Top of PROVIDED INFORMATION

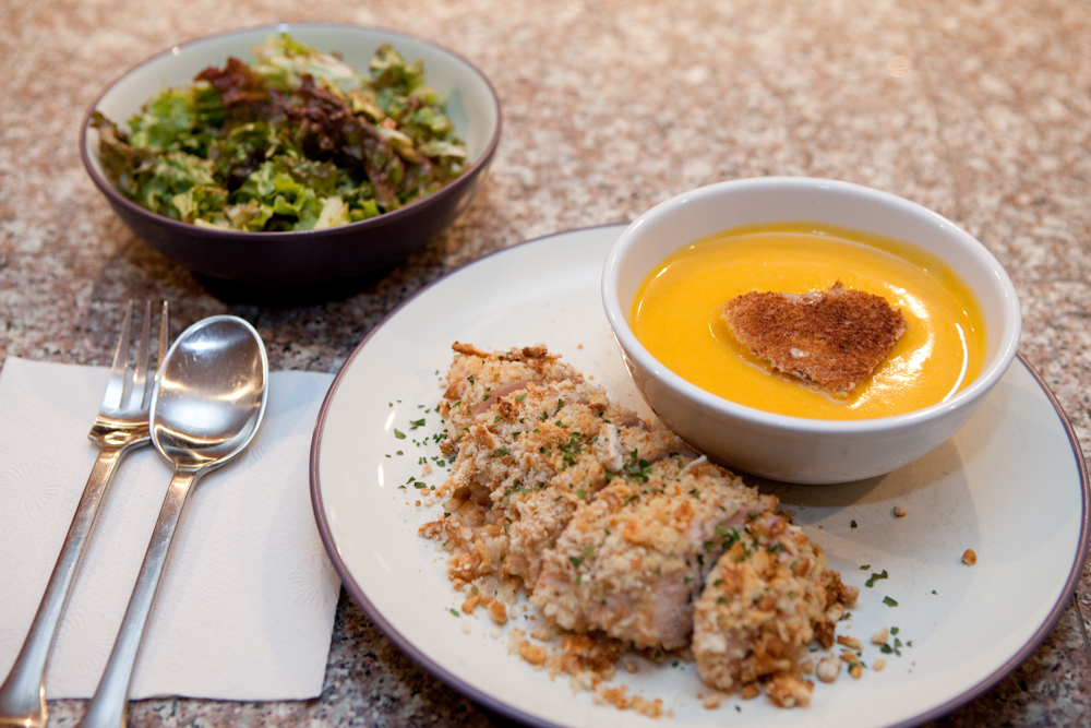 I used Giada De Laurentiis’ Butternut Squash Soup recipe… I still had some leftover squash from our mac and cheese last week. Instead of the fontina cheese crostini, I just toasted some wheat bread and melted a bit of brie on top (yes… still trying to use up the brie too!) I put the brie side down in the soup for presentation purposes.
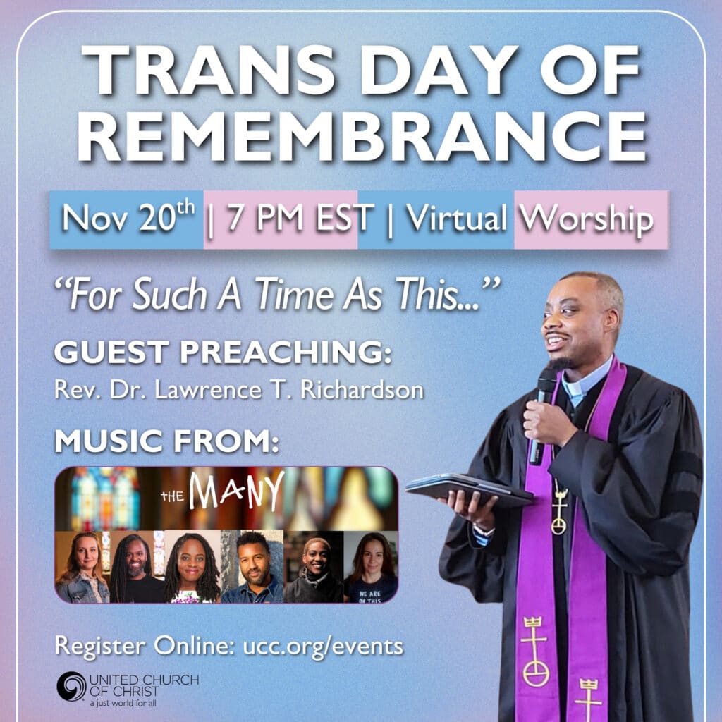 Join the United Church of Christ this Nov. 20 at 7p.m. Eastern time for a special worship service to share space remembering our trans siblings and celebrating the divine within them.
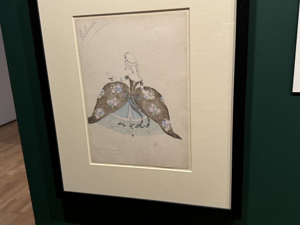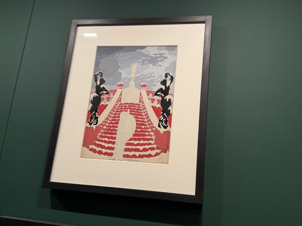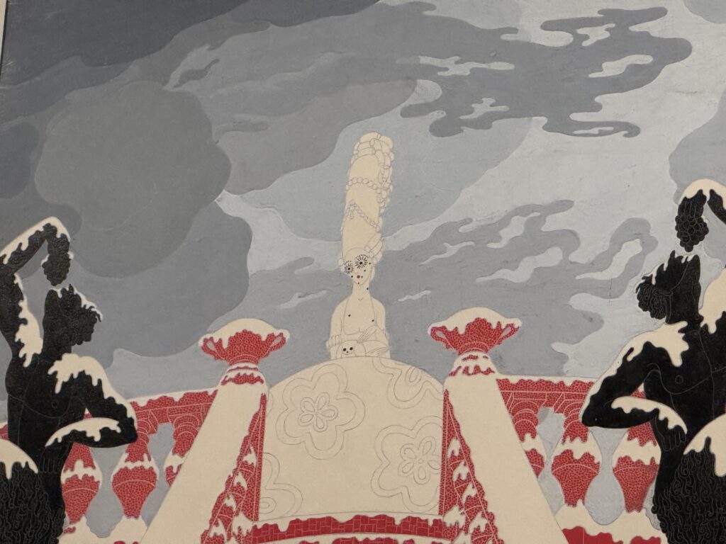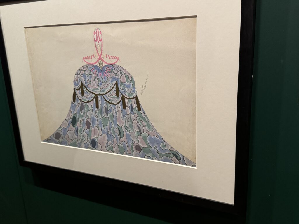 Эскиз костюма к ревю Au Réveil du Passé («Пробуждение прошлого») в театре Алькасар в Марселе, Эрте (Ромен де Тиртофф), 1923 год. Гуашь и золотые чернила на бумаге. Франция. Частная коллекция Дэвида Пирса.
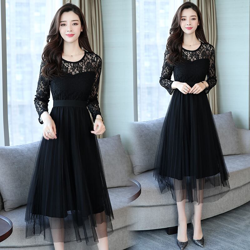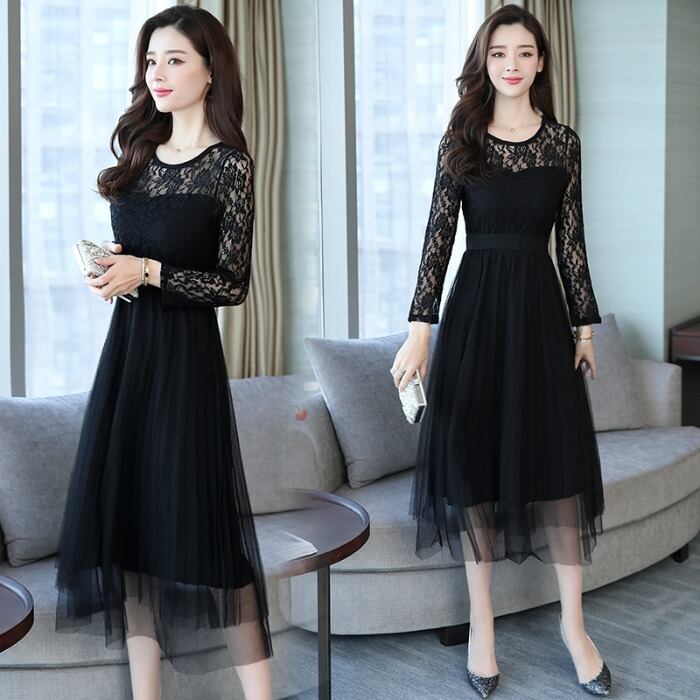 【送料無料】花柄 刺繍 レース 切替 メッシュ素材 ミモレ丈 ワンピース ドレス fsk0247
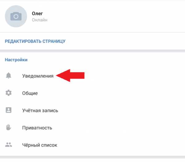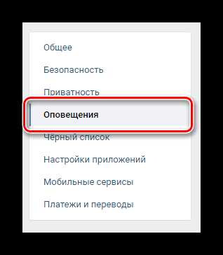 Откроется раздел настроек. Здесь выберите пункт «Уведомления».
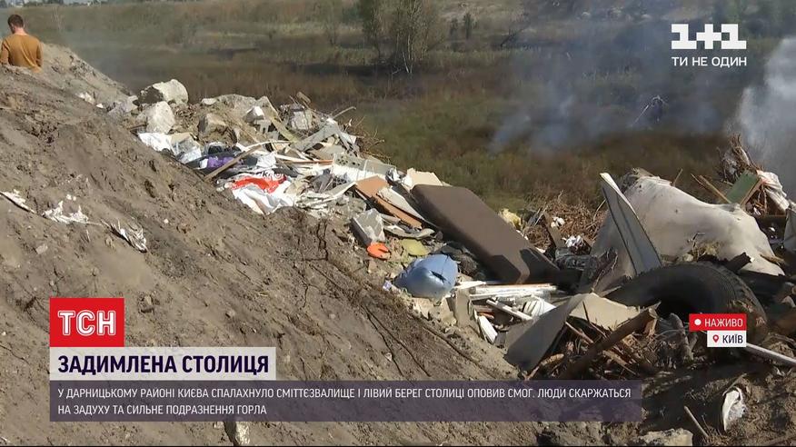 Пожар на свалке и вонь на левом берегу столицы. Пожарные работают уже более суток. Открытый огонь потушили, но мусор все еще тлеет, и пожарные не принимаются сказать, когда справятся с ситуацией окончательно.
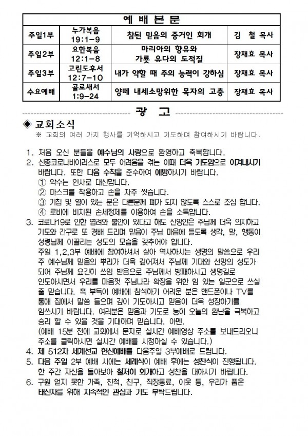 2020년 3월 29일 예배본문 & 교회소식 페이지 정보 작성자 성은교회 작성일20-03-27 17:08 조회7,468회 관련링크 이전글 다음글 목록 본문 2020년 3월 29일 예배본문 & 교회소식 이전글 다음글 목록
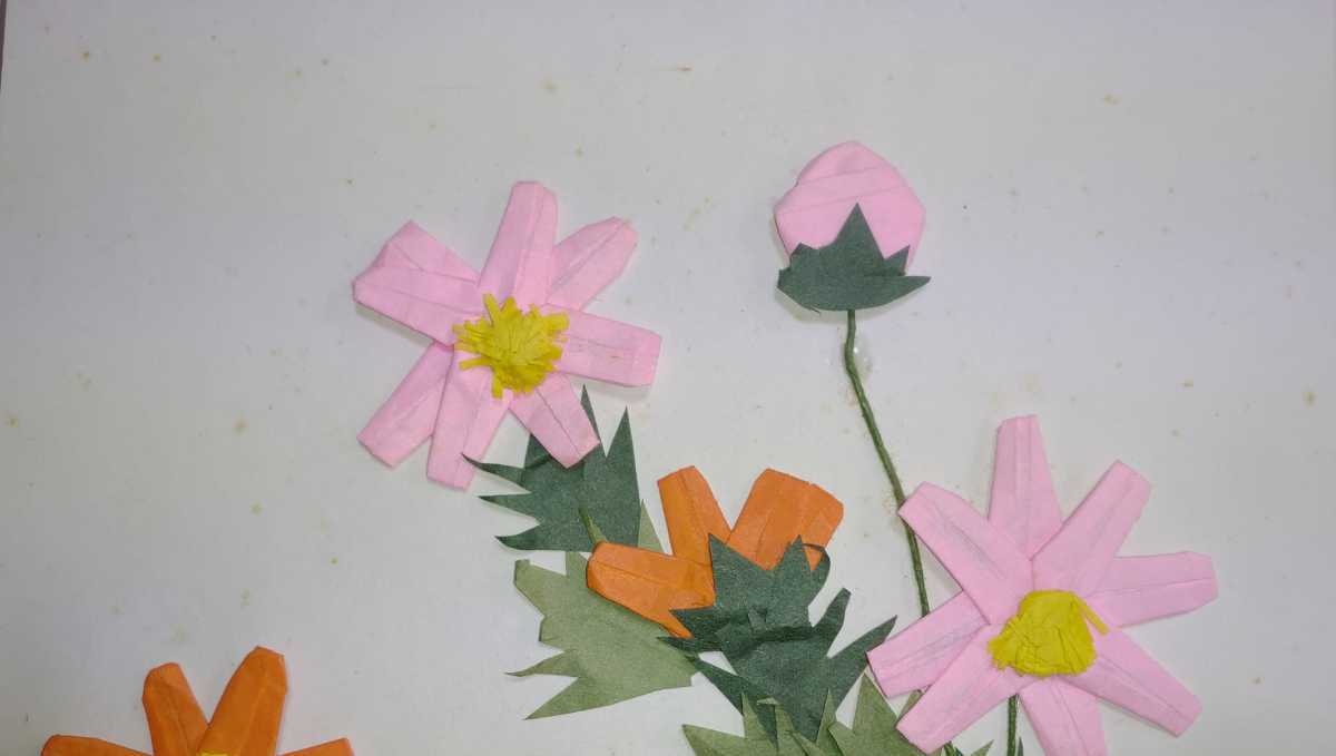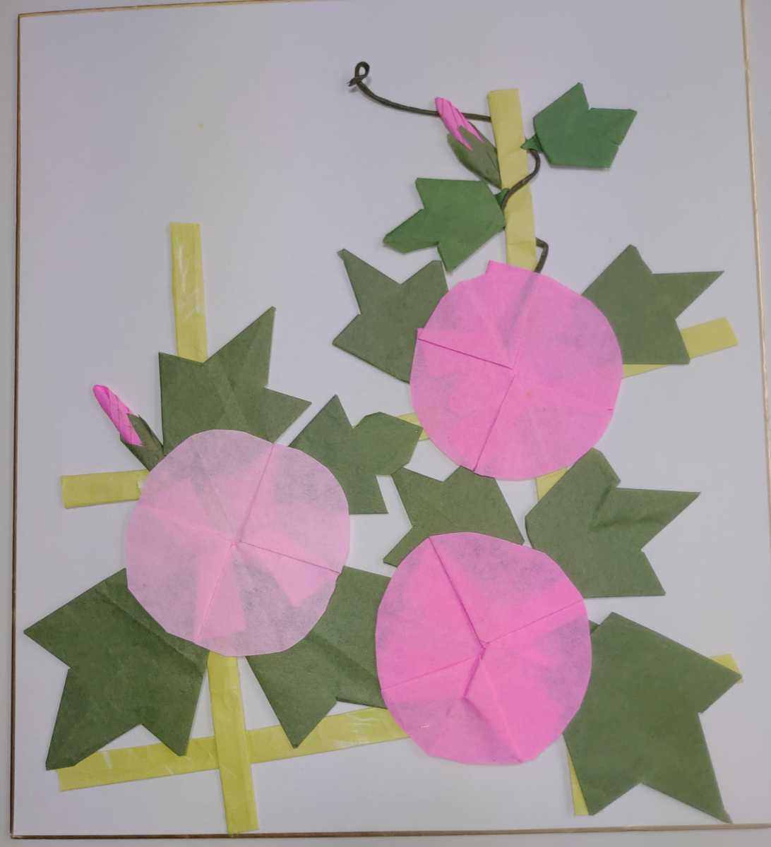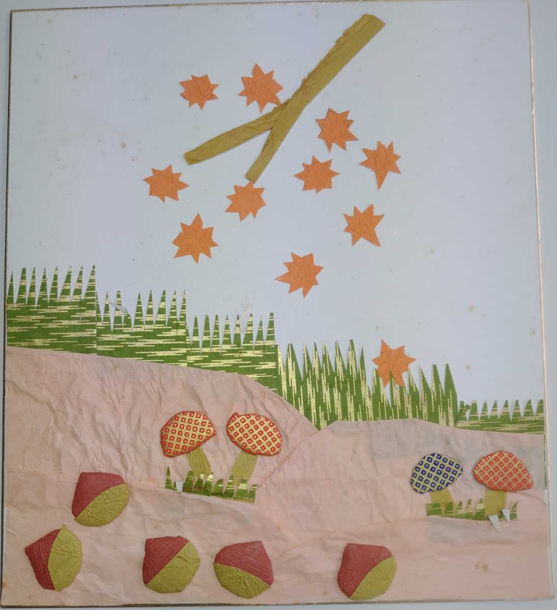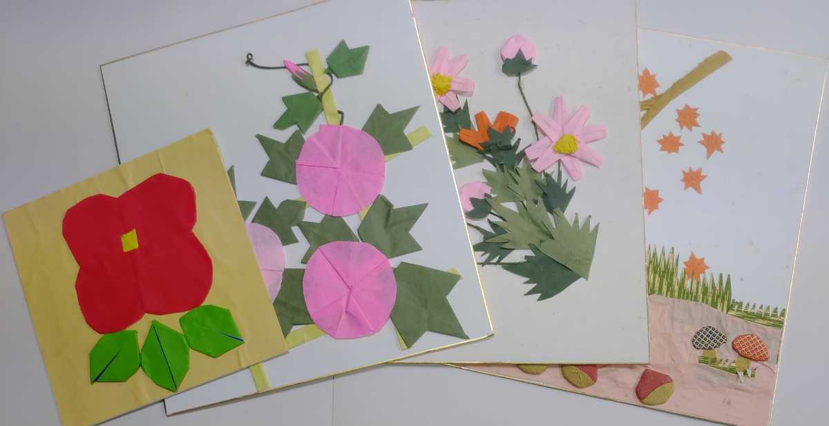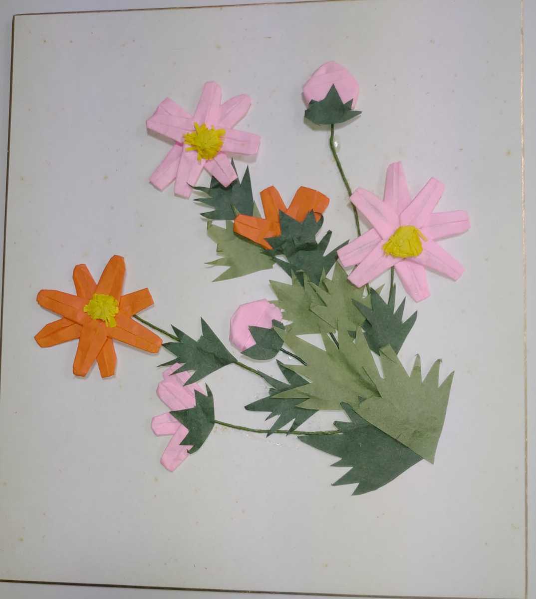 朝顔や椿等植物の特徴を表現したものですが、コスモスや紅葉の作品には台紙部分にやや汚れがあります。

Bottom of PROVIDED INFORMATION

**WHAT TO PRODUCE:** From the line containing "Пожар на свалке" through the last line of the entries, both included, print each line exactly and omit any picture.

**SOLUTION:**
 Пожар на свалке и вонь на левом берегу столицы. Пожарные работают уже более суток. Открытый огонь потушили, но мусор все еще тлеет, и пожарные не принимаются сказать, когда справятся с ситуацией окончательно.
 2020년 3월 29일 예배본문 & 교회소식 페이지 정보 작성자 성은교회 작성일20-03-27 17:08 조회7,468회 관련링크 이전글 다음글 목록 본문 2020년 3월 29일 예배본문 & 교회소식 이전글 다음글 목록
 朝顔や椿等植物の特徴を表現したものですが、コスモスや紅葉の作品には台紙部分にやや汚れがあります。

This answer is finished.